Encontramos así una instancia superior al conocimiento: «La verdad procede exclusivamente de la conciencia moral». ¿Cuál es pues el destino del hombre? El destino del hombre es cumplir y ejecutar los dictados de la conciencia moral. Si obedece a esa voz, vivirá con plenitud y encontrará sentido y finalidad: «Escucharla, obedecerle sincera y despreocupadamente sin miedo ni doblez: este es mi único destino, todo el fin de mi existencia». El mundo deja entonces de ser un encadenamiento de causas materiales. Todo ente queda vinculado a la condición moral y al ejercicio de la libertad.

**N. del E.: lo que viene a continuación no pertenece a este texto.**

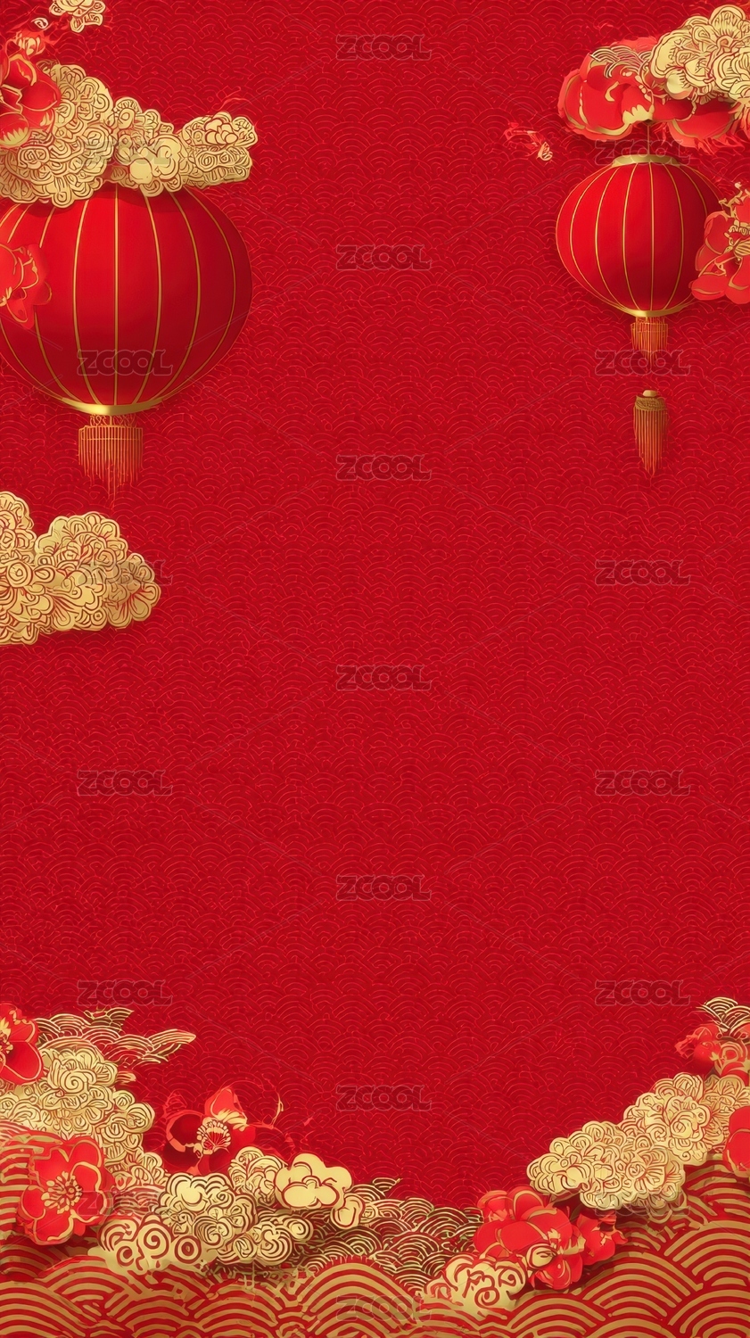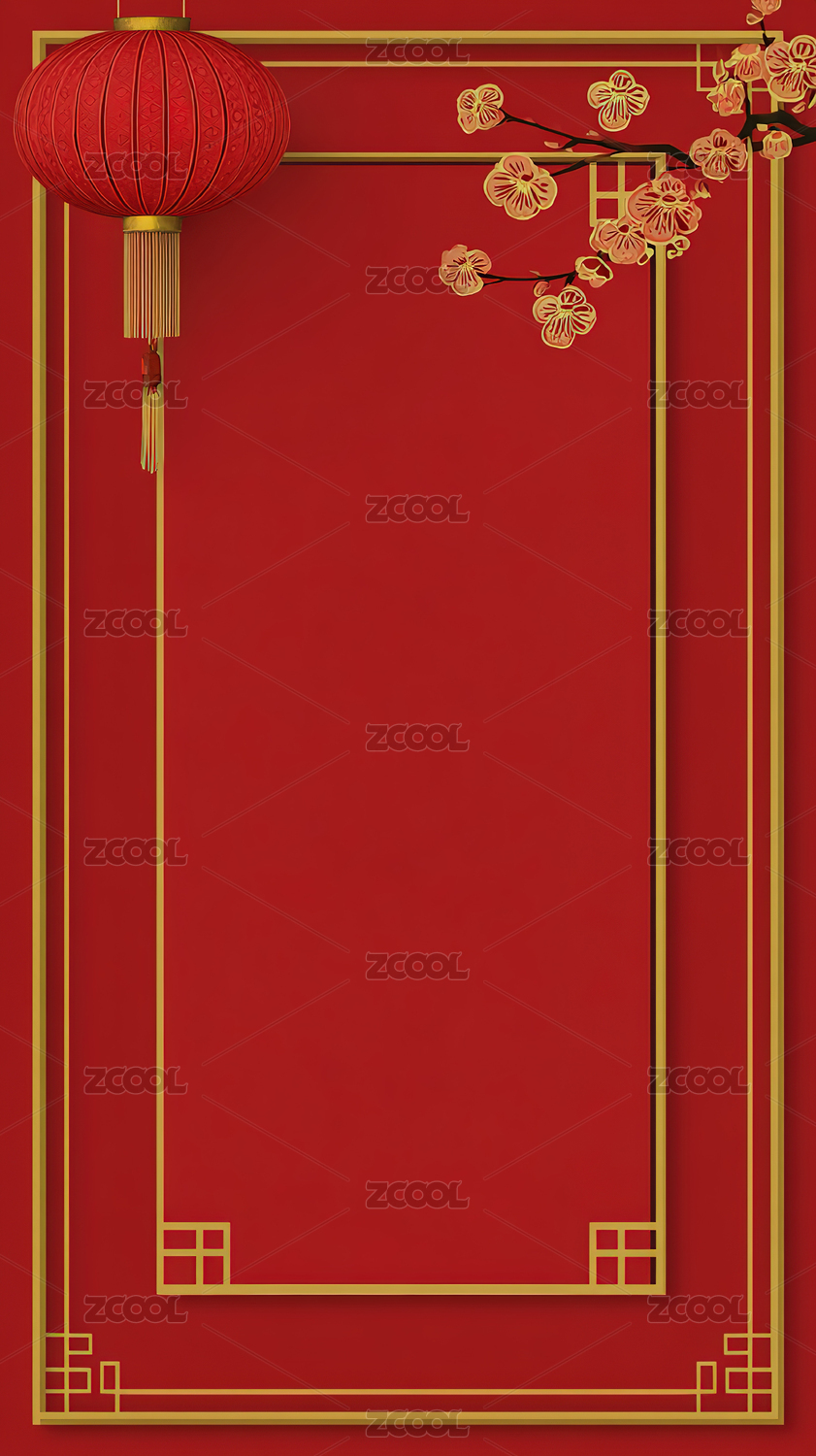 红色,传统,中式,背景,花朵,插画,灯笼,花

Con relación a esos entes cabe señalar algo fundamental. Existen, por una parte, objetos inanimados, por otra parte, seres que son autónomos del mismo modo que yo lo soy. Esos seres, mis semejantes, exigen un respeto absoluto e incluso mi ayuda para facilitar que ellos cumplan a su vez los dictados de su propia conciencia. En sentido universal, también la sociedad, la cultura y la historia abandonan también su sujeción a unas leyes deterministas carentes de propósito. La historia consiste en la implantación gradual de la moralidad en el mundo terreno, venciendo miopes intereses materiales e imponiéndose a la brutalidad ciega de la naturaleza.

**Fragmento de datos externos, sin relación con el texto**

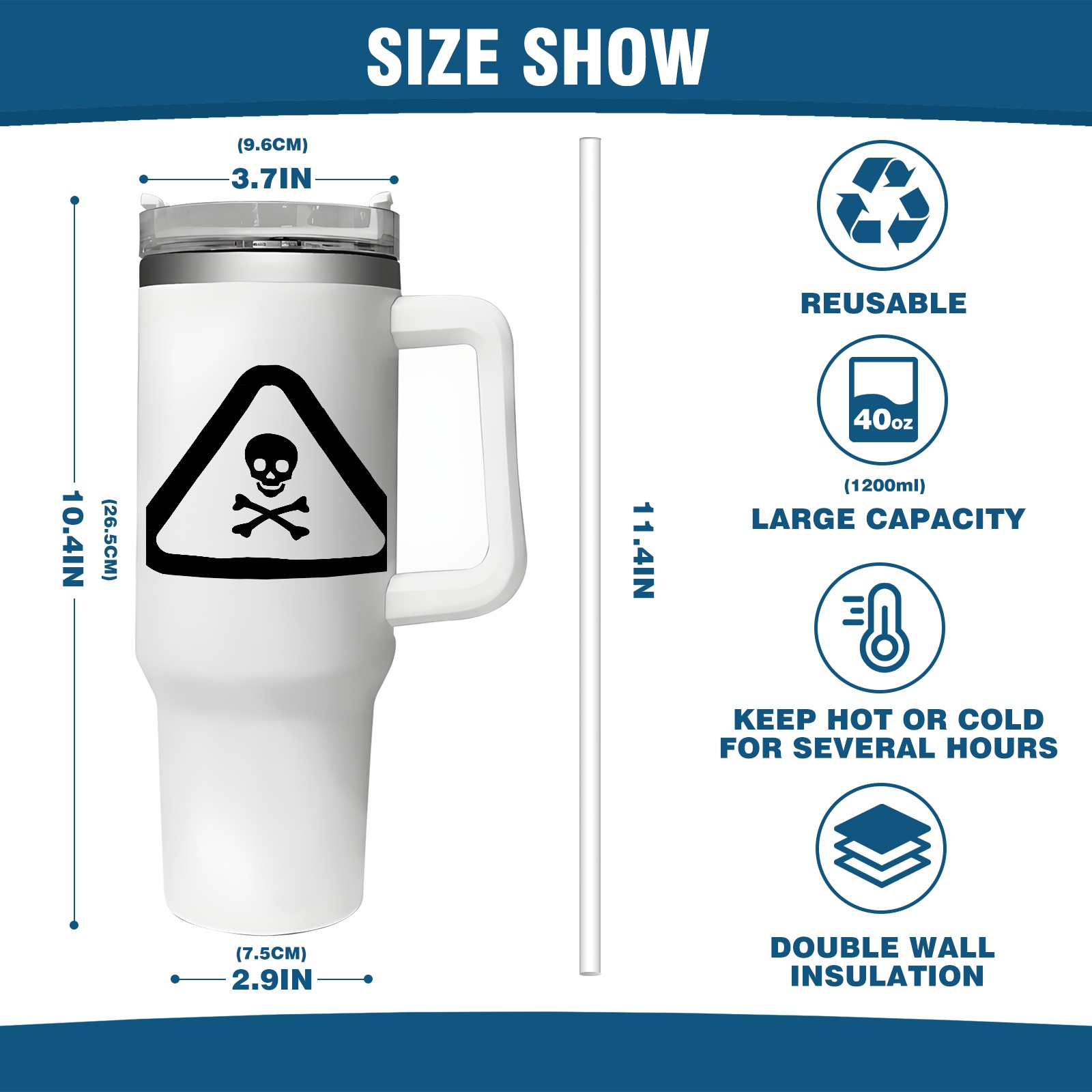 <b>ZXIVGOQFR Tumbler Is Your Dream Cup! </b>Whichever way your day flows, tumbler keeps you refreshed with fewer refills. </br> </br> ●<b>Double Wall Vacuum Insulation </b>means drinks stay cold, iced or hot for hours. </br> ●With advanced lid construction,STRAW OPENING designed to resist splashes with a seal that holds the reusable straw in place, a drink opening, and a full-cover top for added leak resistance. Totally spill proof! </br> ●ZXIVGOQFR Tumbler also included an ergonomic, comfort-grip HANDLE, 40 ounce tumbler cup is 2.9” wide at the base and 3.7” at the top. Narrow base fits just about any car cup holder. So you can bring a smoothie cup, iced coffee cup or extra espresso for your daily commute or weekend outing.

La fe del hombre, su verdadero órgano de conocimiento, es fe en «la voluntad una, infinita y eterna», fe «en Su razón y en Su fidelidad» que se expresa por medio de la conciencia moral. A la vista de que en la vida terrena el cumplimiento de los imperativos morales no proporciona beneficios, que muchas veces es incluso desventajoso, debe haber una vida futura donde efectivamente suceda. Obrar moralmente es el modo como enlazamos con una existencia ulterior, como devenimos miembros del reino suprasensible de la libertad.